-- What the exercise asks --
Take the lines below from the one with "新太阳蚊帐 2025新款涂层遮光防蚊款学生床帘 卡皮巴拉" through the one with "Unterrichtsentwurf aus dem" and print only them, exactly. Don't print the pictures.

Start of Input data

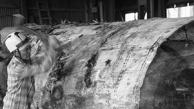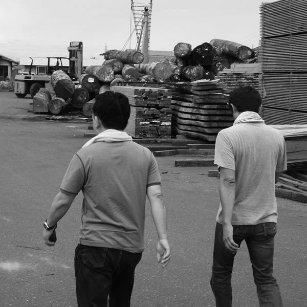 Sie besprechen mit erfahrenen Handwerkern, wie sie das Holz optimal nutzen können, achten sorgfältig auf die Richtung der Maserung und entscheiden, wie das Holz je nach dem herzustellenden Produkt geschnitten werden soll. Der Hersteller Miyabi Urushi Kogei ist beim Schneiden des Holzes immer anwesend und die Handwerker schneiden das Holz mit einer speziellen Großsäge von Hand zu einem schönen Material.
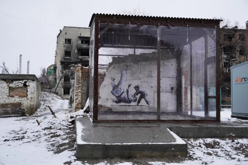 뱅크시의 가장 최근의 행보는 전쟁 속에서 발견된다. 2022년 러시아의 침공으로부터 벌써 1년간 전쟁이 지속되고 있는 우크라이나의 도시들 곳곳에 뱅크시의 낙서들이 하나둘 생겨나기 시작했으며 그 개수는 지금도 늘어가고 있다. 낙서들은 최근 몇 년간 우크라이나 사람들이 직면하고 있는 갈등들을 그려낸다. 키예프 군사청 측에서는 “빛이 어둠을 이긴다는 것을 알려주는 문화”라며 뱅크시의 작품이 발견되는 족족 최신 기술을 동원해 보호막을 설치하기 시작했다. 심지어 우크라이나 정부는 평화를 염원하는 마음에서 뱅크시의 벽화를 공식 우표로 제작하기도 했다. 이것이 놀라운 이유는 바로 우크라이나의 벽화에 대한 엄격한 법을 거스르는 행위이기 때문인데, 2015년 우크라이나 측은 정부에 대한 선동행위를 막기 위해 허가받지 않은 낙서를 법적으로 금지하였고, 이후 정부는 줄곧 벽화를 그리다 적발된 사람들을에게 벌금과 징역형을 부과해 왔다. 부동산 소유자들로 인해 작품이 제거되는 것 또한 당연한 일이었다.
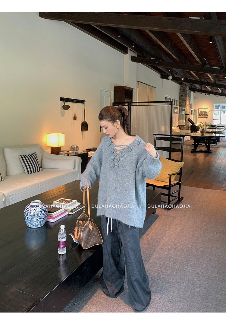 DULA striped wide-leg suit drawstrings pants
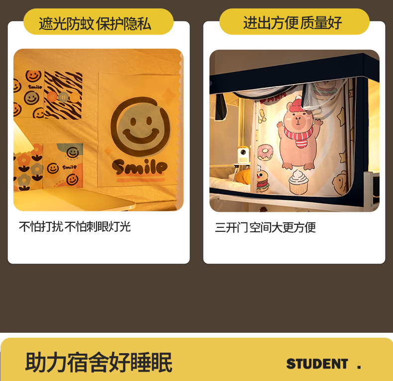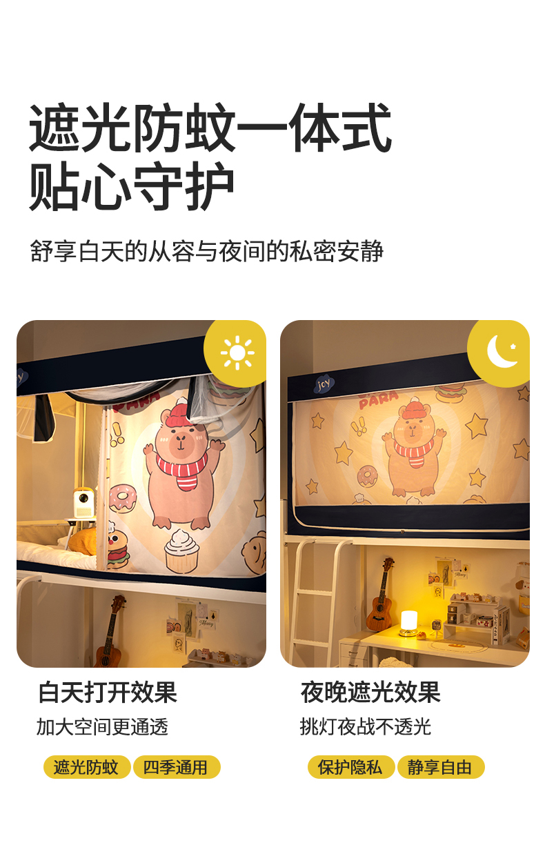 新太阳蚊帐 2025新款涂层遮光防蚊款学生床帘 卡皮巴拉
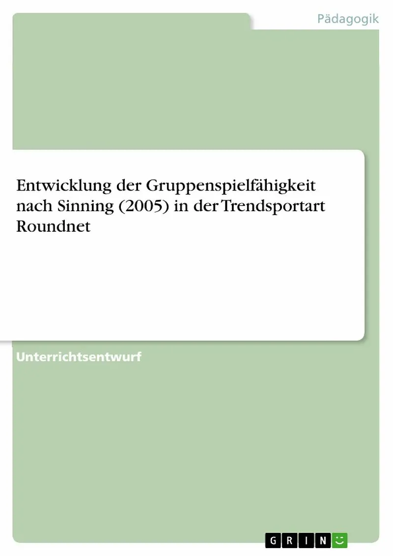 Unterrichtsentwurf aus dem Jahr 2024 im Fachbereich Didaktik - Sport, Sportpädagogik, Note: 0,7, , Veranstaltung: Sport, Sprache: Deutsch, Abstract: Roundnet wird dem Inhaltsfeld "Spielen" im Kerncurriculum zugeordnet und fokussiert soziale Interaktion und Te...
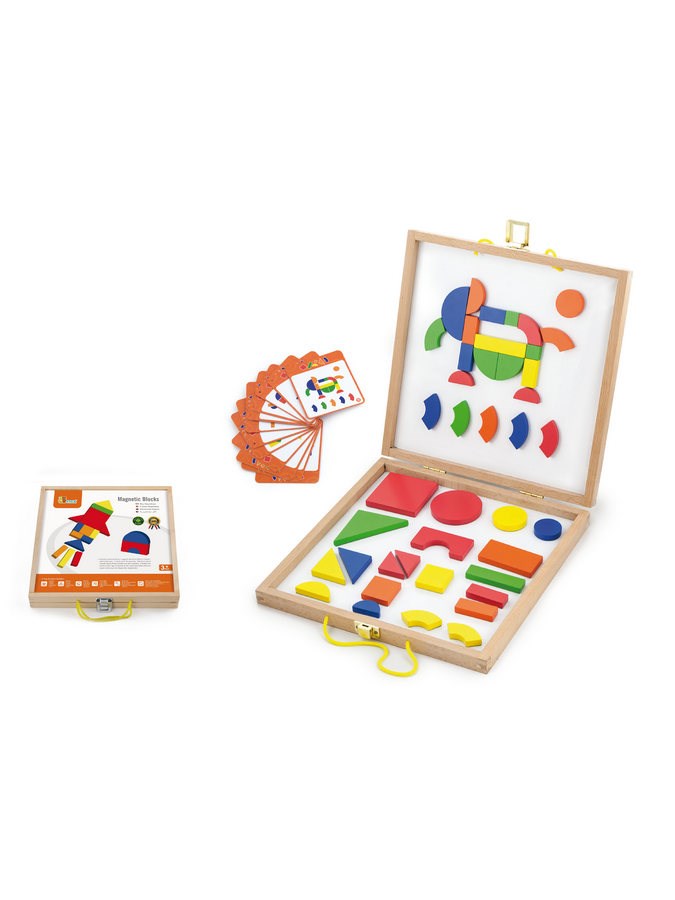 Dřevěný kufřík s magnetickými kostkami Viga. Dřevěný kufr obsahuje 42 kostek a 12 karet s 24 kombinacemi, do kterých je možné umístit kostky. Dítě může tvořit na základě šablony, nebo vytvořit vlastní kombinace. Všechny jsou vyrobeny z vysoce kvalitních materiálů. Magnetické a barevné kostky jsou v různých tvarech, což umožní dítěti vytvořit nové postavy. Při hraní s magnety se dítě naučí pravidla jejich činnosti a vstoupí do světa nového dobrodružství. Vzbuzuje zvědavost a tvořivost. Tato fantastická hračka funguje jako didaktická pomůcka. Hračka pomáhá zlepšit manuální zručnost a obratnost, učí dítě rozpoznat tvary a barvy, zapojuje a rozvíjí smysl pro pozorování. Hračka je vyrobena z lakovaného dřeva. Naší prioritou je bezpečnost a kvalita našich výrobků, a proto barvy použité na hračkách nejsou toxické a splňují bezpečnostní standardy (EN71 a ASTM). Pro děti od 36 měsíců. Hračka je vhodná jako krásný dárek, kterou si vaše děti zamilují.
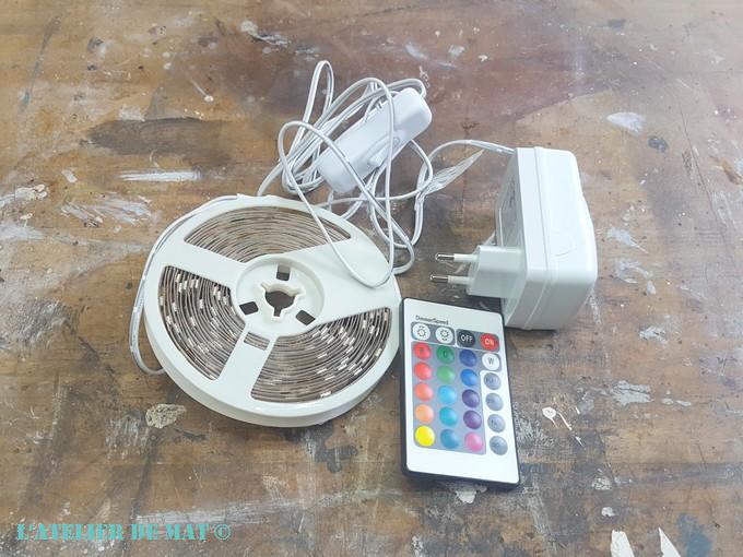 Apres avoir pris quelques mesures j’avais besoin d’un ruban d’environ 2.50m. C’est un peu la jungle le monde du ruban led j’ai l’impression. Il y a des prix du simple au triple, avec ou sans transformateur, et différentes longueurs. Pour ce projet j’en ai choisi un de 5 mètres car c’était moins cher qu’un de 3 mètres d’une autre marque. Des fois il ne faut pas chercher à comprendre ;).
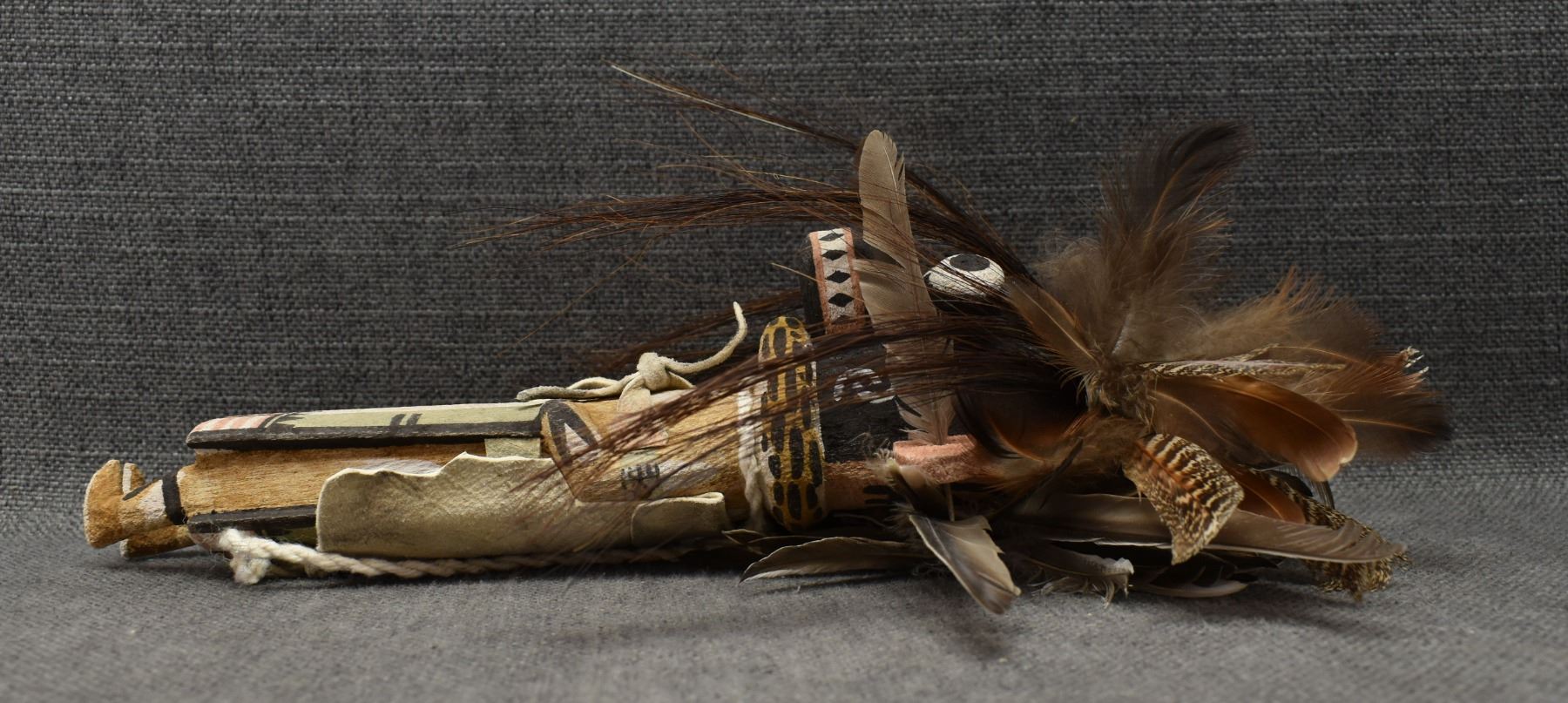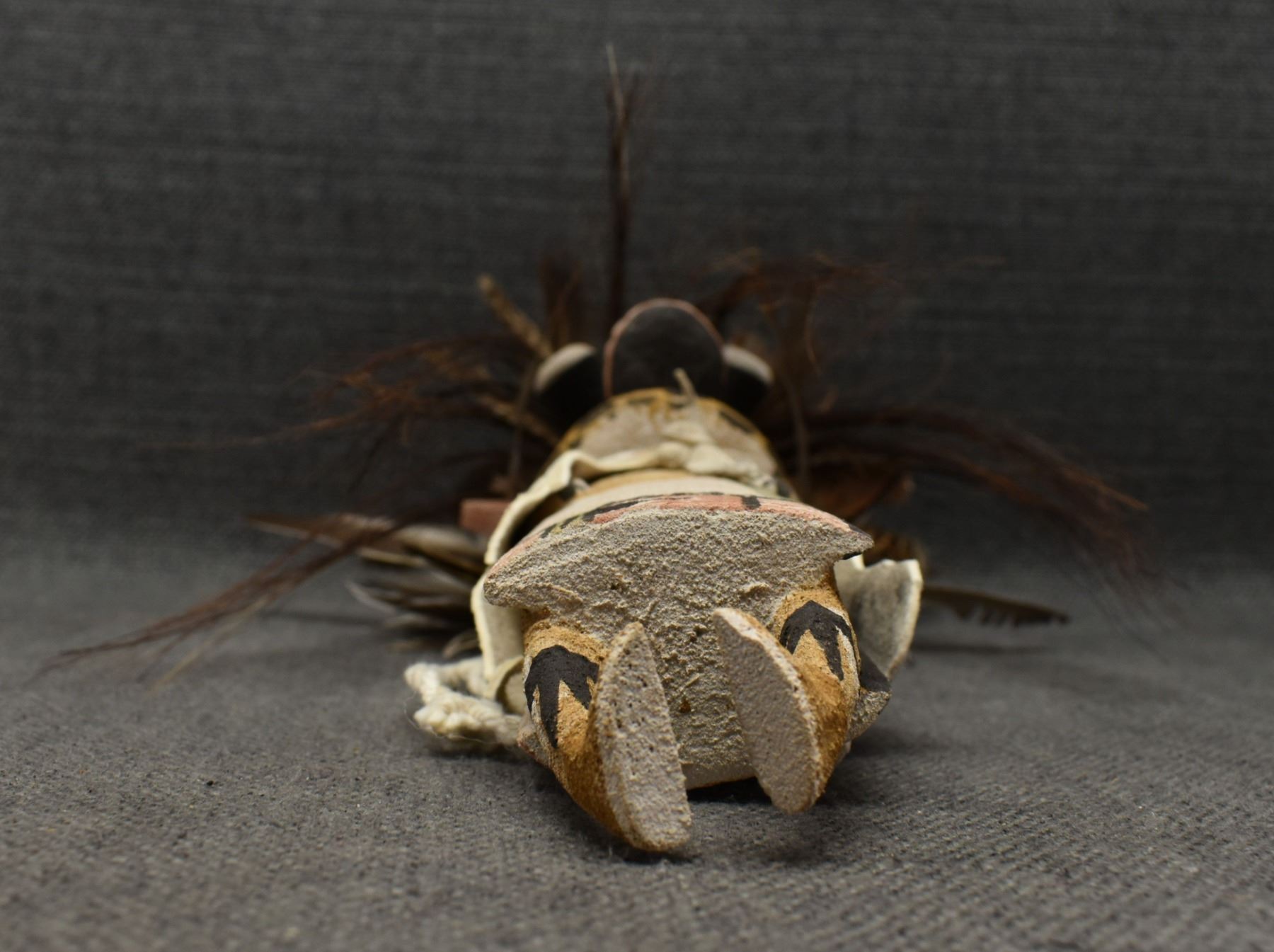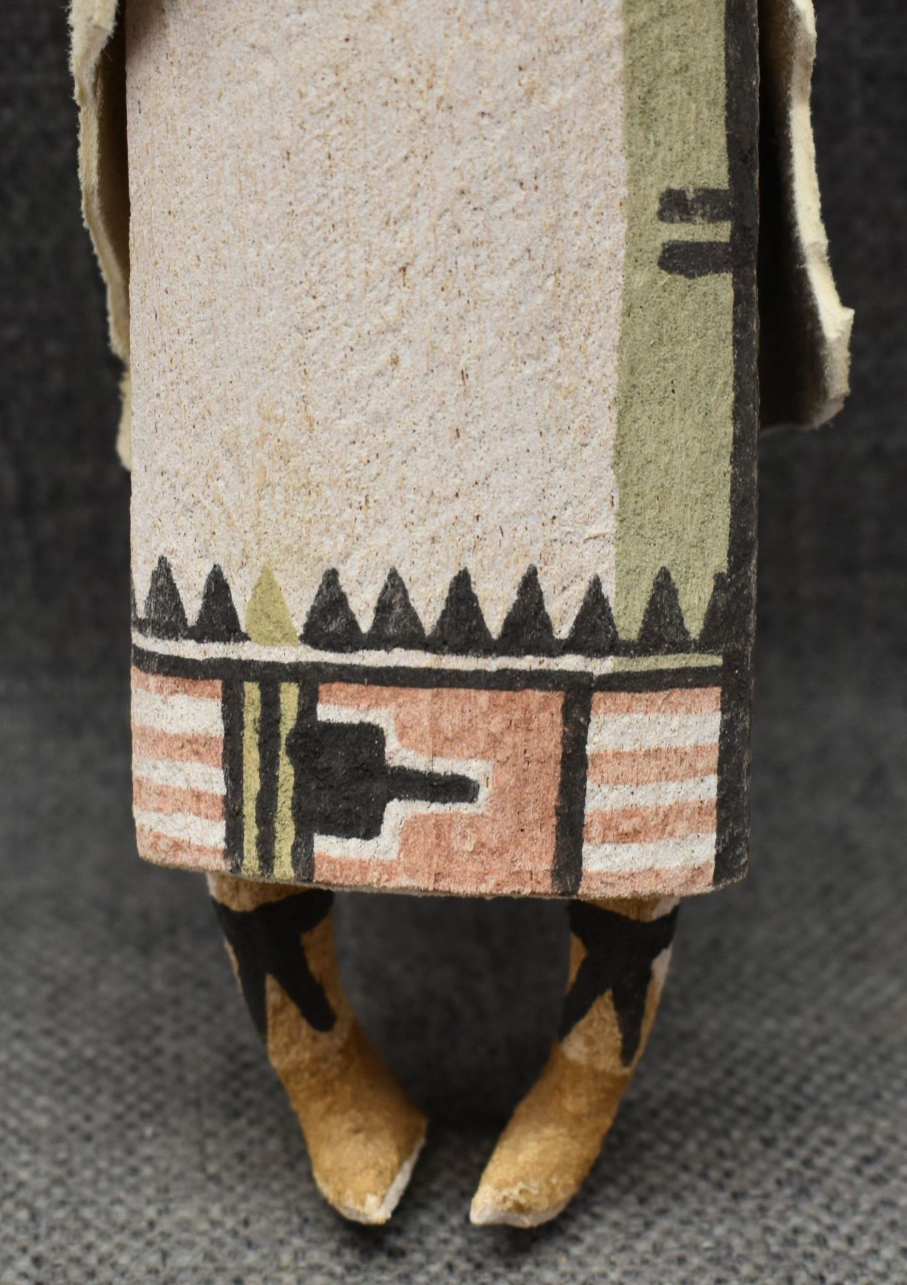 1980's Hopi. Hand carved and painted cotton wood kachina. Attributed to Randy Brokeshoulder. 13'' tall

End of Input data

-- Solution for this task --
 新太阳蚊帐 2025新款涂层遮光防蚊款学生床帘 卡皮巴拉
 Unterrichtsentwurf aus dem Jahr 2024 im Fachbereich Didaktik - Sport, Sportpädagogik, Note: 0,7, , Veranstaltung: Sport, Sprache: Deutsch, Abstract: Roundnet wird dem Inhaltsfeld "Spielen" im Kerncurriculum zugeordnet und fokussiert soziale Interaktion und Te...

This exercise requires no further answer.